Эль-Темин произнес последние слова с сильным волнением.
– Я кончу в двух словах, – продолжал он через несколько минут. – Узнав о моих желаниях, нотариус взялся напечатать известное вам объявление и отвечать на различные вопросы, которые будут предлагать ему. Ни под каким предлогом не должен он был говорить мое настоящее имя; в том положении, в каком я находился, я не мог обнаружить его всем тем, кого могли привлечь мои предложения… К тому же осуждение меня военным судом не позволяло мне подписать контракт, по которому могли меня узнать; следовательно, обнаруживать имени нельзя было… И, наконец, – простите, если я настойчиво повторяю, – это имя не существует больше ни для кого, я не хочу быть никем иным как эль-Темином…

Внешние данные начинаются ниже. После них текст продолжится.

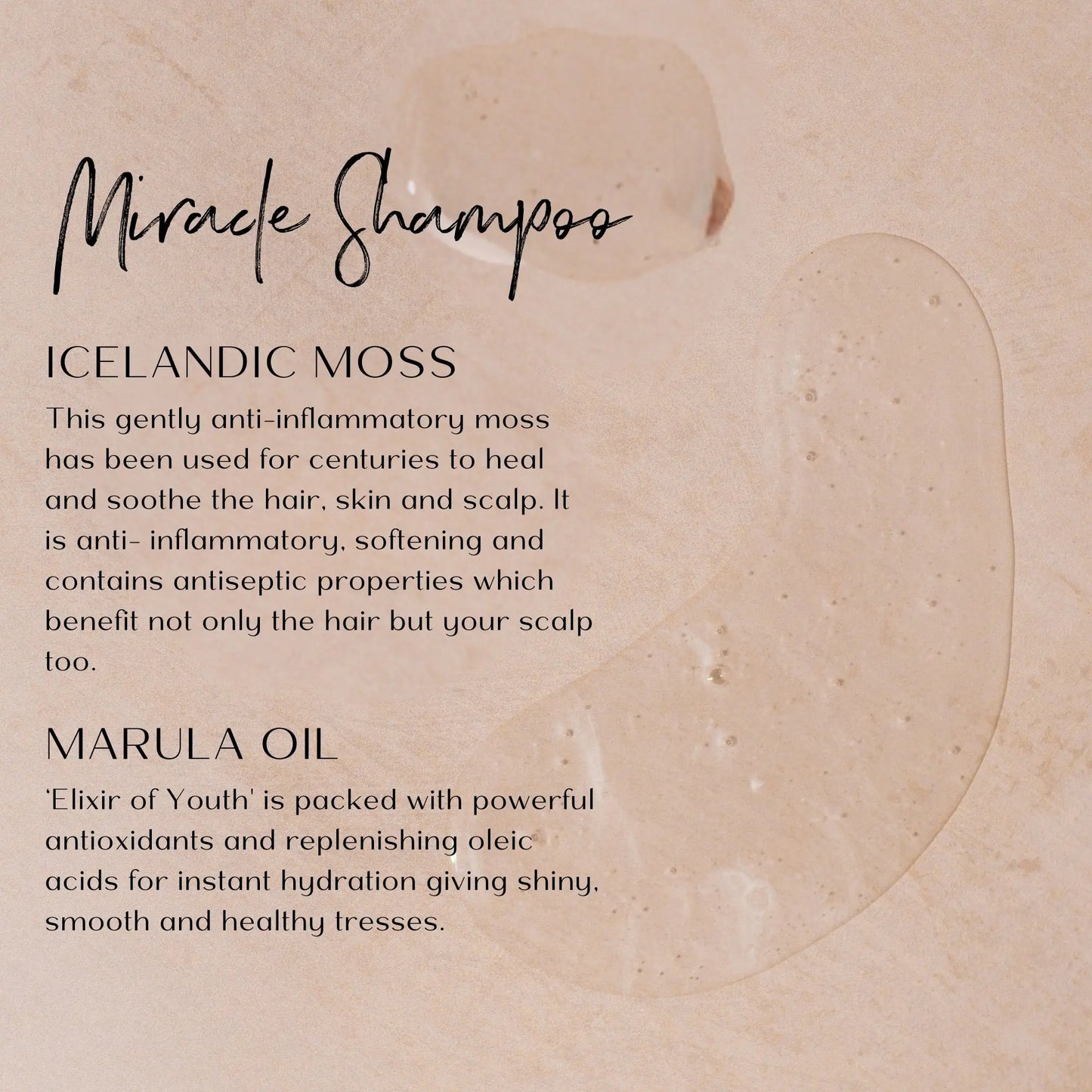 Our Miracle Shampoo is gentle and balanced and is perfect for all hair types. It leaves your hair feeling clean, shiny, soft and full of body. Kind to the scalp, it nourishes with every wash and is suitable for natural hair and colour treated hair.

На другой же день я уехал в Танжер через Кадикс. Вид этого суетливого общества, торопящегося наслаждаться, которое топчет под ногами нищету, порождаемую им самим, эта жизнь, сотканная из шелка для одних и страданий для других, излечила меня от желания жить в Европе… На востоке, по крайней мере, человек, забытый обществом, живет пригоршней фиников и спокойно засыпает на углу длинной белой стены… Кунье и Йомби были моими доверенными лицами и должны были привезти сюда на «Ивонне» доктора, который не побоится принять наше предложение, несмотря на несколько странные обстоятельства, сопровождающие его… Вот, любезный доктор, объяснения, которых вы имели право ждать от нас, и которых ранее мы не могли вам дать. Оно не полно в том смысле, что оставляет в тени и без ответа самый важный вопрос, который вы могли бы задать мне: «Что мы будем делать в Тимбукту? « В этом отношении я могу ответить вам только одно: тут есть тайна, которая принадлежит не мне, и открыть ее – значит совершенно уничтожить наши планы. Мы с Барте будем счастливы, если вы никогда не будете делать ни малейшего намека на это, если согласитесь помогать нам вашим знанием и ученым опытом, в пять предстоящих лет… Я сказал все. Теперь говорить надо вам, любезный доктор; мы уничтожаем ваш контракт, не желая вовлечь вас в приключение, которое может вам не понравиться; вы можете остаться, или уничтожить его, или снова подписать его добровольно.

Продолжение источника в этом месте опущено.